◆ What is expected:
Set down every entry word for word. Omit the pictures.

■ ■ ■ ■ ■ ■ ■

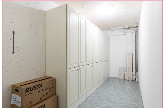
Romslig bod med god oppbevaringsplass – praktisk og lett tilgjengelig. Bodan deles med nabo.
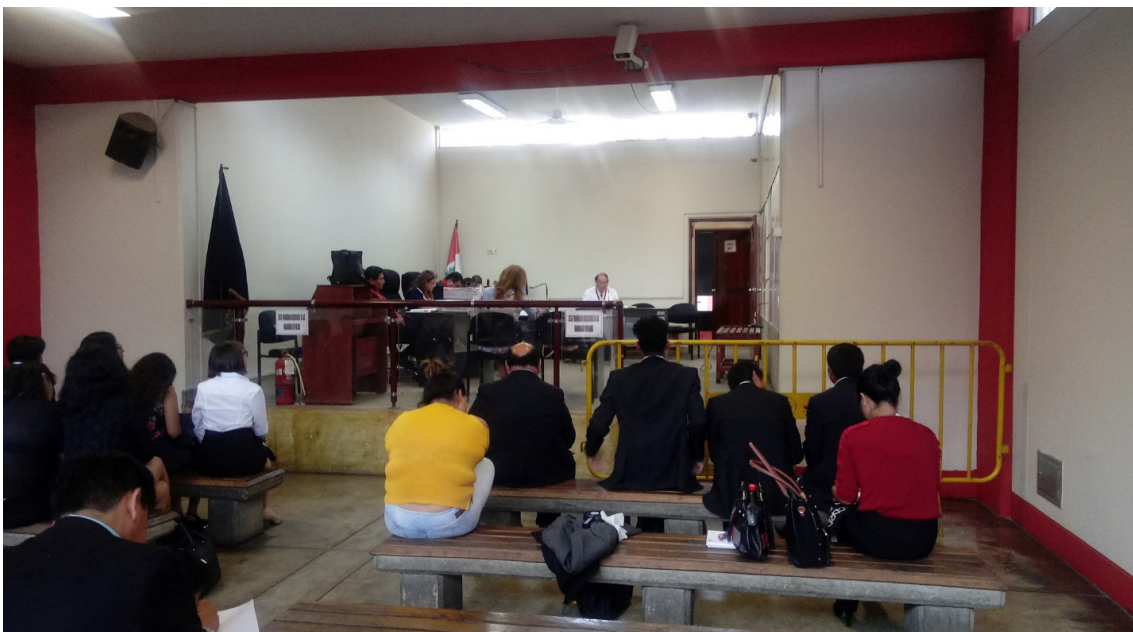
Visita guiada al Penal de Lurigancho para participar en las audiencias de los reos en cárcel.
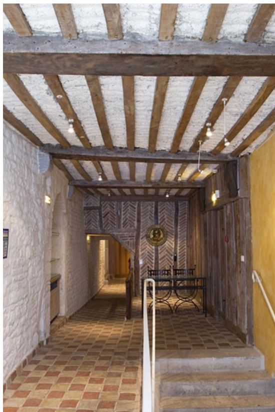
Vue d'ensemble du couloir.

25, Besançon, 4 rue de la Convention, lieudit : îlot Saint Jean
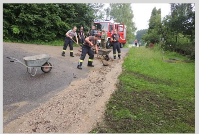
Starkregen im Juli

■ ■ ■ ■ ■ ■ ■

◆ Solution to this exercise:
Romslig bod med god oppbevaringsplass – praktisk og lett tilgjengelig. Bodan deles med nabo.
Visita guiada al Penal de Lurigancho para participar en las audiencias de los reos en cárcel.
Vue d'ensemble du couloir.

25, Besançon, 4 rue de la Convention, lieudit : îlot Saint Jean
Starkregen im Juli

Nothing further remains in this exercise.